The brothers Josef and Hermann Elsbach (1846-1926) founded the company in 1873 on Brüderstraße in Herford, which was entered in the commercial register in 1875 as Herforder Hemdenfabrik J. Elsbach & Co. The founders came from a Jewish family that had been running a linen business since 1848.

In 1891, the company's headquarters were moved to Goebenstrasse, where the Elsbachhaus was built in several construction phases from 1909. From 1907, Elsbach was a public limited company. In 1914, the company was the largest underwear factory on the European continent (excluding Great Britain). More than 1200 factory workers and several thousand home workers were employed. Branches were established in Löhne, Lage and Bielefeld. In 1922, 123 employees, 1067 factory workers and 1481 home workers worked for Elsbach. After the period of inflation, the number of employees declined.

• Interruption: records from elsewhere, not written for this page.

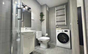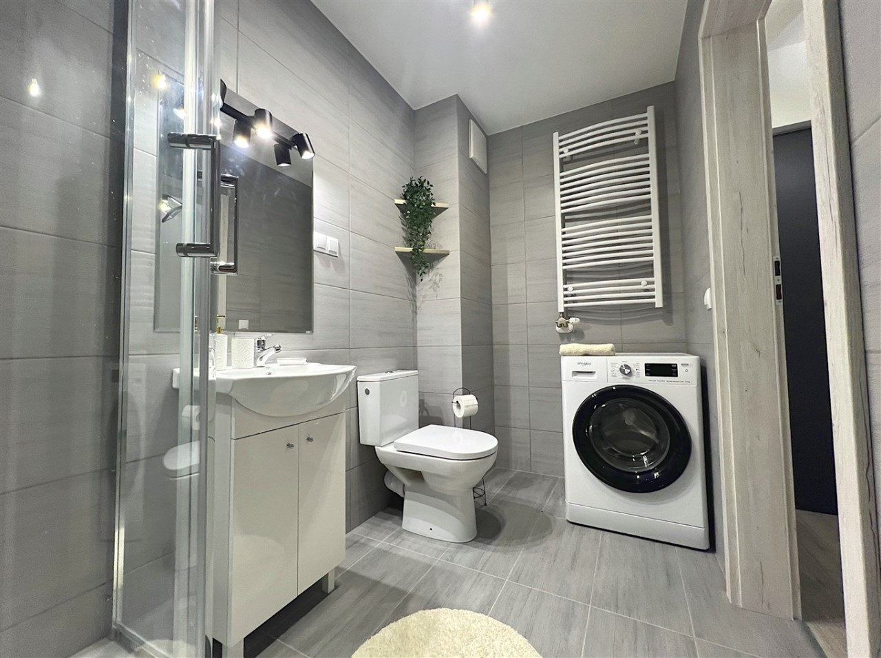 - Łazienka z kabiną prysznicową, umywalką, WC oraz pralką oraz korytarz
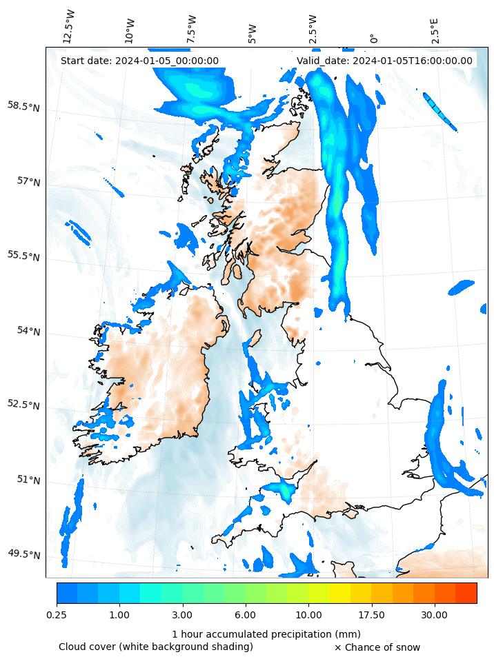 - Snow mixing ratio (g kg¯¹)
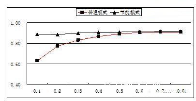 針對電源部分的損耗,戶外電源的工作模式和室內(nèi)電源是一樣的,正常情況下為均流工作模式。市電正常時模塊負載率較低,電源系統(tǒng)大多數(shù)沒有工作在系統(tǒng)最佳效率區(qū)間,因此可以采用電源模塊休眠技術(shù)根據(jù)系統(tǒng)負載狀態(tài),動態(tài)調(diào)整工作模塊數(shù)量,使系統(tǒng)始終工作在最佳效率區(qū)間,從而降低系統(tǒng)的能耗。圖1表示了電源系統(tǒng)在普通工作模式下和節(jié)能模式下的系統(tǒng)典型效率比較。從圖1可看出,采用休眠節(jié)能模式,電源系統(tǒng)的效率在整個負載范圍內(nèi)基本保持不變,有效的降低了電源系統(tǒng)在低負載條件下的能耗。另一方面,對于戶外電源來說,電源系統(tǒng)效率提高會降低設(shè)備倉的發(fā)熱量,降低設(shè)備倉的溫度。
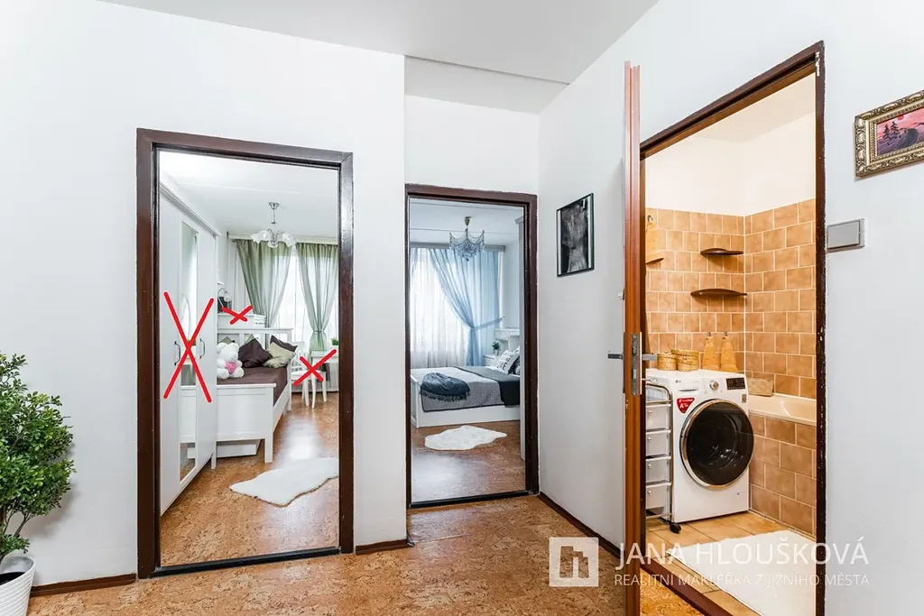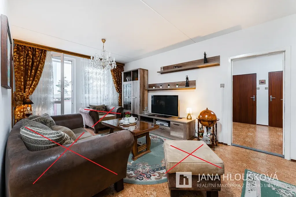 Dispoziční uspořádání bytu je patrné z přiloženého kótovaného 2D půdorysu a možné rozložení nábytku je vidět na přiloženém 3D půdorysu. Byt je částečně vybaven, viz. foto (přeškrtnuté vybavení v bytě není).
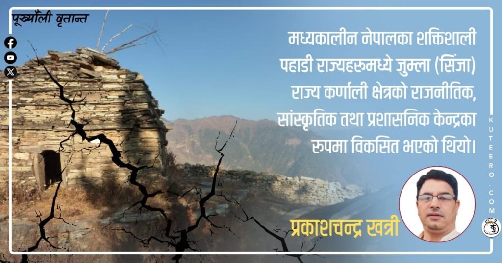 मध्यकालीन नेपालका शक्तिशाली पहाडी राज्यहरूमध्ये जुम्ला (सिंजा) राज्य कर्णाली क्षेत्रको राजनीतिक, सांस्कृतिक तथा प्रशासनिक केन्द्रका रूपमा विकसित भएको थियो। कल्याल शासकहरूको नेतृत्वमा स्थापित यस राज्यले पश्चिमी नेपालमा लामो समयसम्म प्रभाव कायम राखे पनि अन्ततः आन्तरिक दुर्बलता, बाह्य राजनीतिक दबाब, आर्थिक संरचनाको अवमूल्यन तथा सामाजिक, सांस्कृतिक परिवर्तनका कारण पतनको मार्ग समात्न बाध्य भयो। यस लेखमा जुम्ला […]
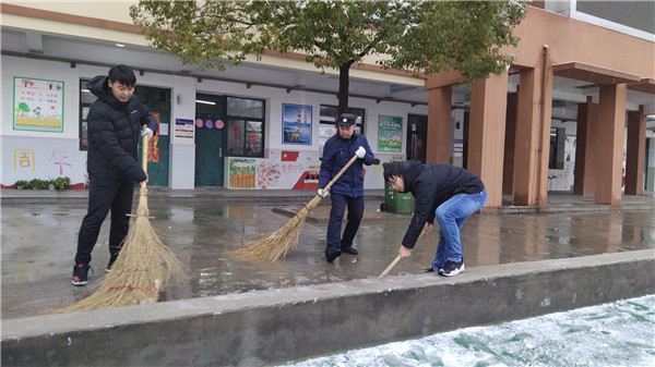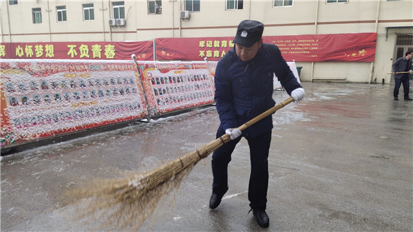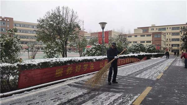 早晨7:20左右,初中部徐学法校长查看完学生晨读之后,第一个拿起扫把开始清扫积雪,门卫盛师傅随后加入,陈晓永副书记给他俩拍下最早最美的背影。后勤卫志荣副主任开始分发工具,后勤宇汝章、罗锋两位副主任,张伟华、孙鹏老师,相继加入清理初中部学生公寓主干道,成为一道亮丽的风景线。队伍在不断扩大,高中部李韦、魏鑫、王锐和樊浩四位老师积极行动起来,开始清扫高中部教学楼至食堂主干道。随后,徐校长、龚校长、余成祥、孙鹏和王林老师又转战食堂门口至初中部教学楼主干道,余成祥还在教学楼东侧拉起警戒线。高中部韩丽、程小旺和范先云三位生活老师清理学生宿舍门口积雪,初中部张苹等生活老师彻底清扫宿舍楼梯道积雪,并且用干拖把拖干地面,防止楼梯结冰。

== Nazi-era persecution and loss ==
When the Nazis came to power in Germany in 1933, the Elsbach family was persecuted because of their Jewish heritage. Due to antisemitic racial laws, they had to sell their shares in 1938 as part of the Aryanization process. The company was taken over by Ahlers and renamed Herforder Wäschefabriken AG. At the end of the Second World War, the factory buildings were severely damaged by fire and looting.

== Postwar ==
After the war, the military government of the British occupation zone confiscated Ahlers' share package. The former managing director Kurt Elsbach, the son of Hermann Elsbach, who had fled abroad, returned to the company in 1947, but died in 1954. From 1952, the company was again called Elsbach Wäschefabriken AG. The shares were returned to the Elsbach family. However, Ahlers remained a shareholder, took over the company completely in 1964 and converted it into a GmbH. In 1992, the Elsbach name was removed from the company in connection with the pending insolvency proceedings, and the company went bankrupt in 1993. The Elsbach brand was continued by Elsbach Hemdenmanufaktur GmbH in Ibbenbüren, which was dissolved in 1998.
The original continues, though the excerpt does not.